この度はクラウドファンディングへの御支援、誠にありがとうございました。
おかげさまで、7月22日に目標額の770,000円に到達いたしました。
皆様の御厚意に感謝するとともに、身が引き締まる思いでもあります。
無花粉スギの品種開発と造林にむけて一層精進して参りますので、今後もよろしくお願いいたします。

静岡県農林技術研究所 森林・林業研究センター 袴田哲司

Profile

袴田哲司

私は高校時代から植物対象の仕事に憧れ、大学では農学を専攻しました。大学院を経て、1989年(平成元年)に静岡県に入庁しましたが、今日までの33年間のうち26年間は研究職として林木育種、育苗、造林などの仕事に従事してきました。2016年度には博士号(農学)を取得し、現在は静岡県森林・林業研究センターの研究科長として林木育種、育苗、造林の研究を担っています。対外的には、林木育種や育苗を専門とする森林遺伝育種学会において、学会誌「森林遺伝育種」の編集委員を務めています。
他の研究機関の協力を得て、2008年には無花粉スギを作出し、2018~2019年に優良な無花粉スギを3品種、他機関への協力を含めれば5品種を開発してきました。自らの研究の集大成として、優良な品種をさらに増やすとともに、これらの優良な無花粉スギを全国に普及し、林業の発展と花粉症の緩和に少しでも貢献したいと考えています。

あなたが研究を通して成し遂げたいことはなんですか?

私が研究を通して成し遂げたいことは、林業を発展させるとともに、花粉の出ないスギを開発し、花粉症に悩む人たちを減らすことです。

花粉症は国民の約4割が発症していると言われ、大きな社会問題となっています。私自身も花粉症で、春になるとつらい思いをします。花粉症の緩和に向けた林業的な対策としては各種の方法がありますが、雄花多産木を伐採して花粉の少ない造林用の品種に植え替えていくという方法が行われてきました。

そうした中、1992年に富山県で無花粉スギが発見され、以後は成長や材質が優れる「精英樹」を中心に無花粉遺伝子の探索が進められました。それを契機に幾度となく無花粉スギに関する研究プロジェクトが組まれ、静岡県森林・林業研究センターもこれらの研究事業に参画し、無花粉スギの作出と形質評価を進めてきました。その結果として、他の研究機関と協力しながら造林木としても優れる無花粉スギの優良品種の開発に成功しました。

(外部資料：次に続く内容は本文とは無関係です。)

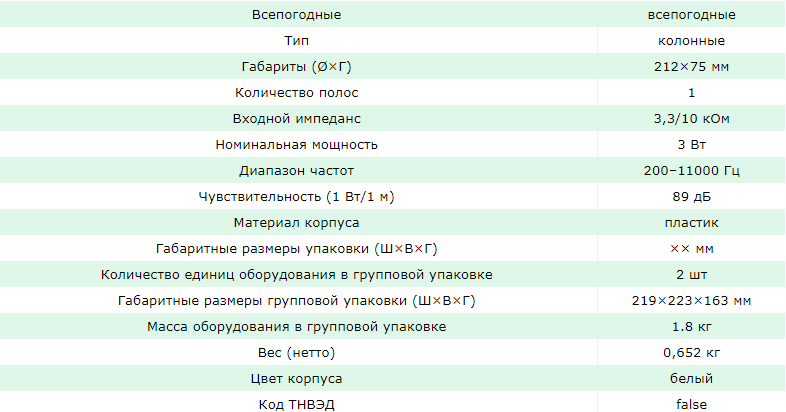 Конструкция громкоговорителя рассчитана на внутреннюю или уличную установку. При уличной установке желательно обеспечить защиту громкоговорителя от прямого попадания атмосферных осадков. Исполнение: влагозащищенное. Материал - пластик, цвет корпуса - слоновая кость. Инсталляция: поворотный кронштейн входит в комплект поставки и обеспечивает ориентацию громкоговорителя в вертикальной и горизонтальной плоскостях. Возможность работы на линиях напряжением 70 и 100 В.

私は現在も無花粉スギに関する調査研究を進めているところですが、まだ認知度が低く造林用苗木の主流には至っておりません。無花粉スギは究極の花粉症対策とも言われていることから、より優れた品種の開発を進め、無花粉スギの苗木を全国的に生産・植栽していきたいと考えています。これによって、国民や県民の花粉症の緩和を図るとともに、国土や環境を守り中山間地の活性化にもつながる林業の発展に貢献できれば、林木育種、育苗、造林の研究者として、この上ない喜びです。

どのようなアプローチで実現しようとしていますか?

私は、無花粉スギの研究に2008年から取り組んでいます。静岡県には造林に適する優良な系統として51種類のスギ精英樹がありますが、富山県の試験により運良く「大井7号」が無花粉の遺伝子(遺伝子型Aa:Aは有花粉遺伝子、aは無花粉遺伝子、大井7号は有花粉)を有する系統であることが明らかになりました。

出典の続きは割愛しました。